Recent natural disasters have reminded us all how unpredictable and fragile life is, and how quickly our personal property can be destroyed. In this post, we will discuss how churches protect their data.
With all the terrible personal loss people fear when it comes to hurricanes and other natural disasters, electronic records can be an afterthought. But a church staff needs to remember their church’s data, not just their insurance policies and emergency plans.
I recently spoke with a church staff that had been hit by Hurricane Irma. Power had been off at the church for a long time. When the power came back on, the office computer they use to keep records on was missing data from the hard disk. The Revelations membership and donation records were gone.
What Questions to Ask When Protecting Your Data
When they were having trouble locating their flash drive for data backups, I started to get nervous. I was mentally preparing to run them through unpleasant options. Did they have good hard copies? Of what? How much time were they willing to spend re-inputting data from months or even years worth of hard copies? How much were they willing to pay for some data recovery service that may not work anyway?
Fortunately, they found the flash drive and I was able to get them back up and running in minutes. But there could have been a much worse ending. What if they couldn’t find the flash drive? Were they backing up regularly? What if it had been destroyed by the storm damage, or the data had been corrupted somehow?
Things like that happen. We’ve had clients (who didn’t use our web-based IconCMO church management software) lose all their data, all because they weren’t prepared for the worst.
How can churches protect their data and keep it secure?
That is, are you not storing your data through some sort of cloud service / web-based system?

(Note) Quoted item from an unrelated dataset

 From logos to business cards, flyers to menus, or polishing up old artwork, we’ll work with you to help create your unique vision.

- Make sure you back up your data frequently. That way, if something goes wrong and you have to pull out the backups, you won’t lose much. I recommend daily backups. It doesn’t take a lot of time or data storage, and it can save a lot of time redoing lost work. But if you only use the system once a week, a weekly backup will do.

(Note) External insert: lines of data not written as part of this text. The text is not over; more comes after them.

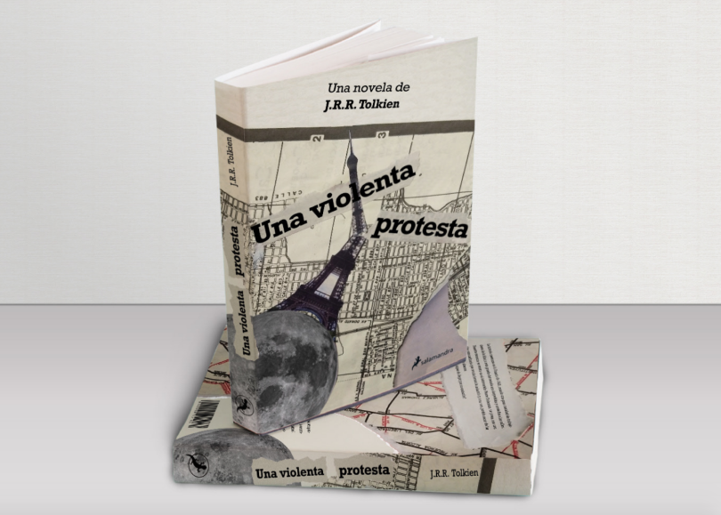 Los encuadres utilizados tienen una primera relación de imagen-texto, la cual difiere según el producto, en este caso la cubierta del libro ficticio Una Violenta Protesta.
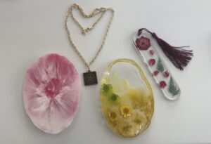 وقفة فنية مع صور من أعمال المدربة والمتدربات في فن الريزن.. أثناء “الدورة التدريبية للبرنامج”.
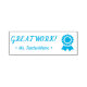 This inspiring rubber stamp design features the encouraging feedback message "GREAT WORK!" and a customized educator name. It also features a decorative prize ribbon icon. It could be used by a school teacher, educator, instructor, or tutor when grading student work, to indicate that a student has done an exceptional job.
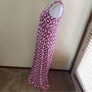 Boden Maxi Dress Long Geo Floral Print V Neck Sleeveless Purple White: 10

- Keep multiple backups on multiple drives. There should be more than one flash drive / computer where you’re storing backups. You don’t want to depend on a single backup drive. Anything could happen to it.
- Keep offsite backups. This comes under Don’t put all your eggs in one basket. If you lose your office computer to a storm, flood, fire, thief, etc., and your backup drive is in the same location, you could very well lose your backup drive at the same time. You need to have backups in a different setting from your work computer — preferably far away.

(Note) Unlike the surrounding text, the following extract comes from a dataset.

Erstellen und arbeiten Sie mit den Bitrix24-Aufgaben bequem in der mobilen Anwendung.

And then there’s the whole matter of keeping your data secure from people who should not be accessing it (hackers, uninformed staffers, and so on). But that’s a whole other topic.
Are you using a good, secure web-based system to protect your data in the cloud?
- Relax. You’ve got this covered.
How do you know if a web-based system is secure?
A software company that’s confident about their cloud-based system should be transparent with you about why their system is secure and trustworthy.
A trustworthy cloud-based system…
- backs up your data frequently. How frequently? Well, think about how much you get done in a day and how much you’re willing to lose.
- backs up your data in more than one geographic location with hundreds of miles in between. If you can hike from one backup site to the other, so can a tornado. Not good enough, software company!
- brings you your data over an encrypted, secure connection. Sending important, sensitive information through an insecure connection is kind of like mailing it without envelopes. No, it’s actually worse.
- keeps your data on secure servers with strong barriers between your information and the outside world. Church data can be very sensitive and there are plenty of hackers out there. When a car thief comes along, you want the doors locked, the alarm system on and the wheel lock in place.
- is available when you need it. What’s the system’s up-time? Are there frequent service interruptions? Your data is no good to you if you can’t get to it.
Learn more about what to consider when evaluating the security of a web-based system.
Find out more about our secure web-based church management software.
And when it comes to your electronic data, hope for the best, but plan for the worst. With the many options available there is no reason churches can’t protect their data from loss.